§ **Exercise instructions**: Retype nothing except the lines below from the one with "在馬來(lái)西亞館,東盟" through the one with "Settimino Bicolor particolare", exactly, with images left out.

§ **Records provided**:
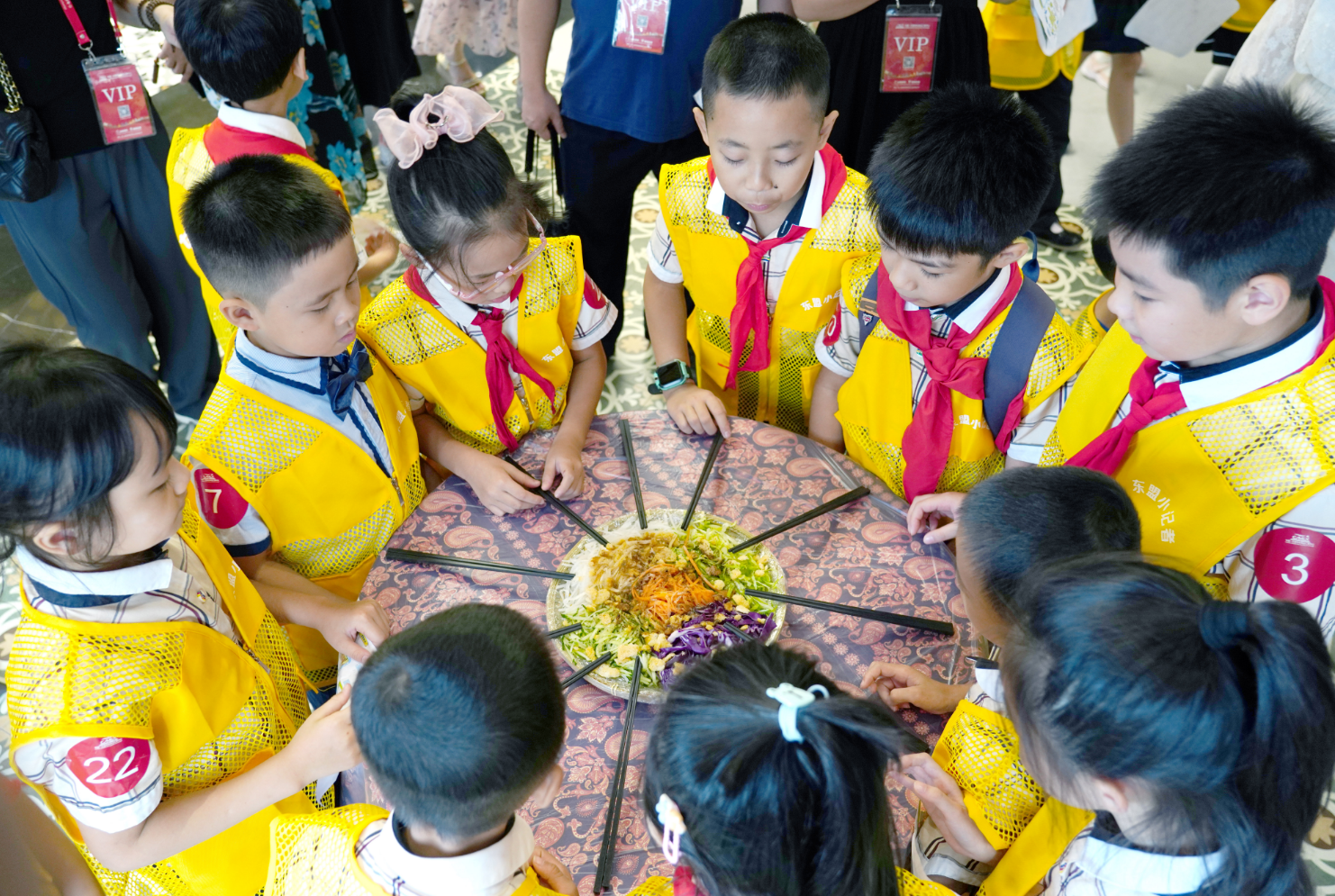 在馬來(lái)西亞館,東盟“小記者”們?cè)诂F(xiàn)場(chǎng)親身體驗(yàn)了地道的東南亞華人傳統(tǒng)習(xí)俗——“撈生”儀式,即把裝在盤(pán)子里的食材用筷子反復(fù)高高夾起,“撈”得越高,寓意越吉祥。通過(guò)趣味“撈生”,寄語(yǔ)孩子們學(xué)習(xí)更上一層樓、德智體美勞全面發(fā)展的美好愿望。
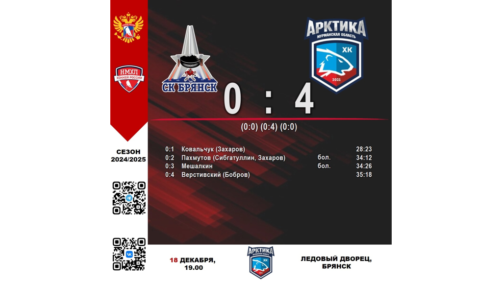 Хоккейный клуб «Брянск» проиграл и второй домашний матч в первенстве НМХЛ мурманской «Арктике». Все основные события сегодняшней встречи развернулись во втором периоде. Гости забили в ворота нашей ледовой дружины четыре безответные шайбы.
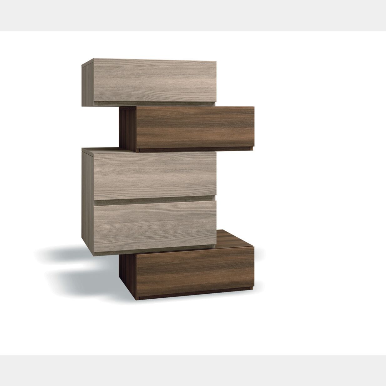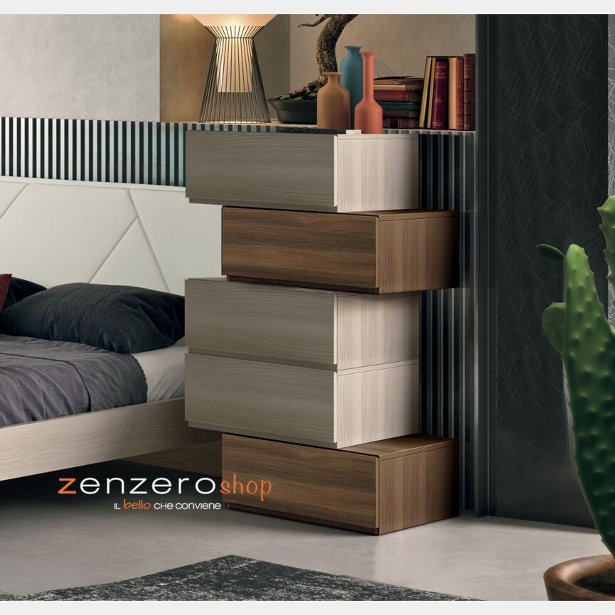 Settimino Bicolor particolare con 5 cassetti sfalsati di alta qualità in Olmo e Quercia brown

--

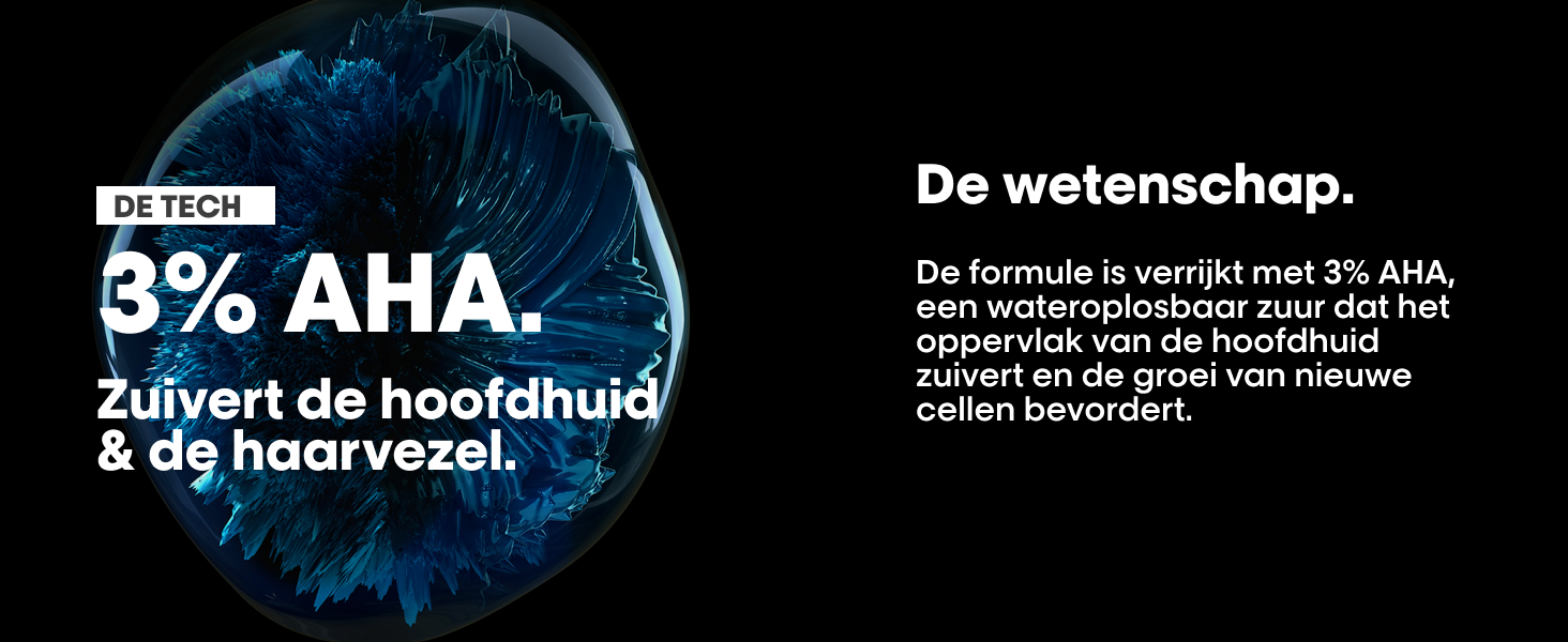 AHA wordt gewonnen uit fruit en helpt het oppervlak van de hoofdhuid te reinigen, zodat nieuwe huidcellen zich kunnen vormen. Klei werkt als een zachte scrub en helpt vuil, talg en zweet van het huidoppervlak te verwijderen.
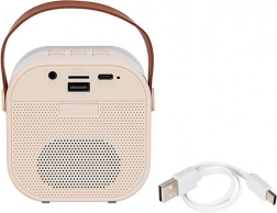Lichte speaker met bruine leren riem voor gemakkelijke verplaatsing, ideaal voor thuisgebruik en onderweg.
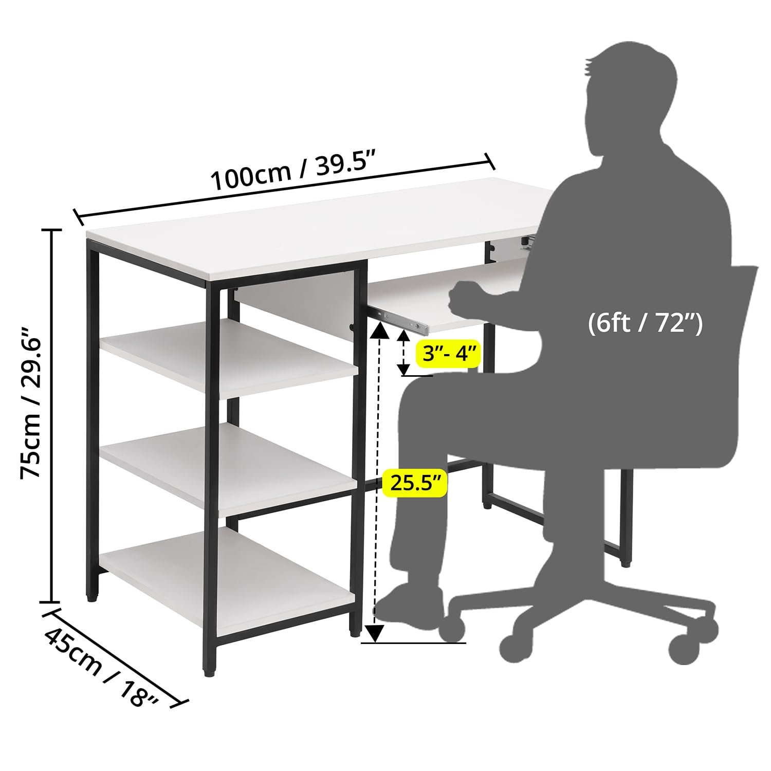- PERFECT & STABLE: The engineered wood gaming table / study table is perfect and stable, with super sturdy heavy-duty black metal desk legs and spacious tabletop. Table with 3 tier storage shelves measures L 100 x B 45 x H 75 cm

==

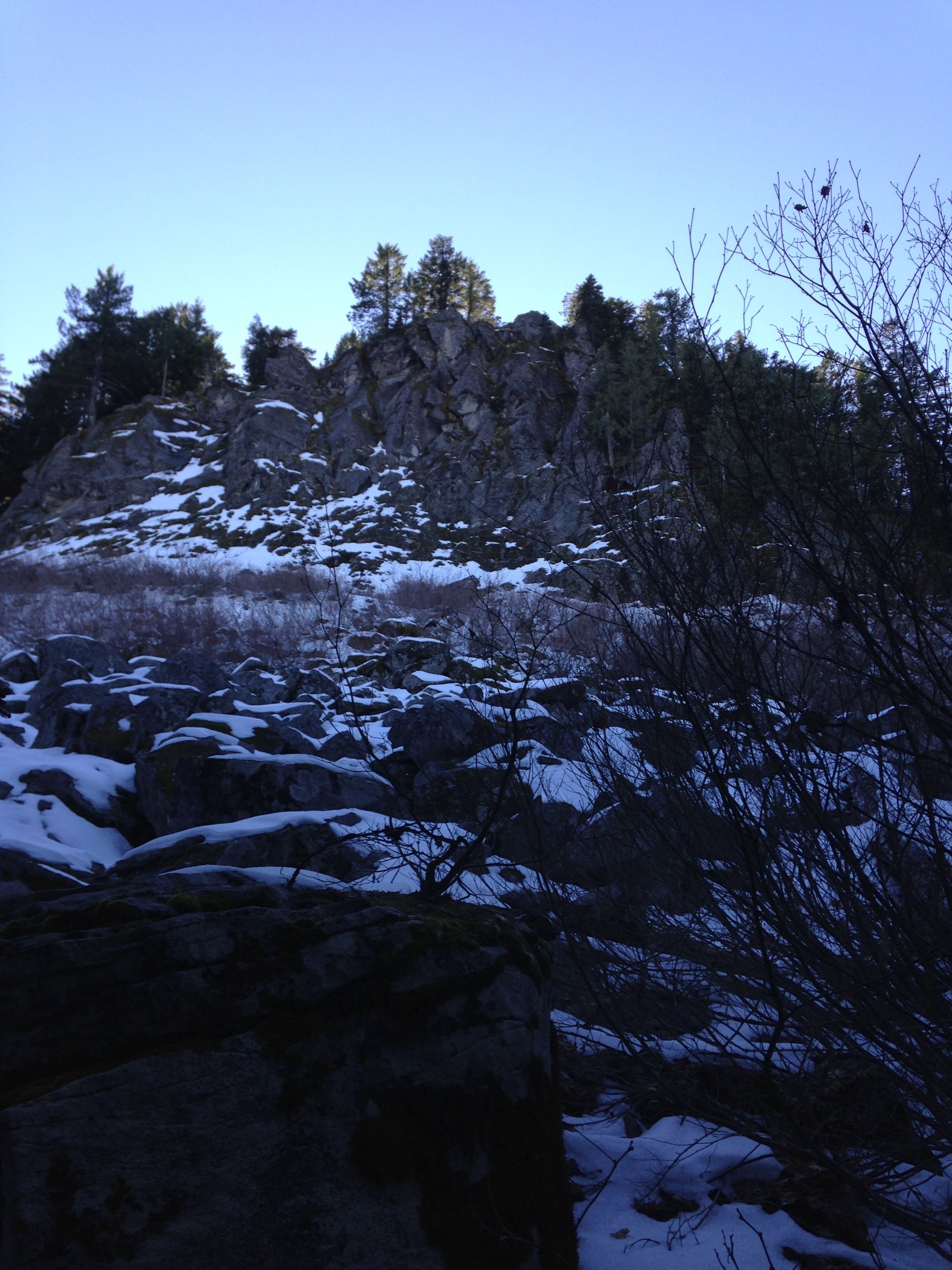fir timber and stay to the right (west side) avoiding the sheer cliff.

§ **Written response**:
 在馬來(lái)西亞館,東盟“小記者”們?cè)诂F(xiàn)場(chǎng)親身體驗(yàn)了地道的東南亞華人傳統(tǒng)習(xí)俗——“撈生”儀式,即把裝在盤(pán)子里的食材用筷子反復(fù)高高夾起,“撈”得越高,寓意越吉祥。通過(guò)趣味“撈生”,寄語(yǔ)孩子們學(xué)習(xí)更上一層樓、德智體美勞全面發(fā)展的美好愿望。
 Хоккейный клуб «Брянск» проиграл и второй домашний матч в первенстве НМХЛ мурманской «Арктике». Все основные события сегодняшней встречи развернулись во втором периоде. Гости забили в ворота нашей ледовой дружины четыре безответные шайбы.
 Settimino Bicolor particolare con 5 cassetti sfalsati di alta qualità in Olmo e Quercia brown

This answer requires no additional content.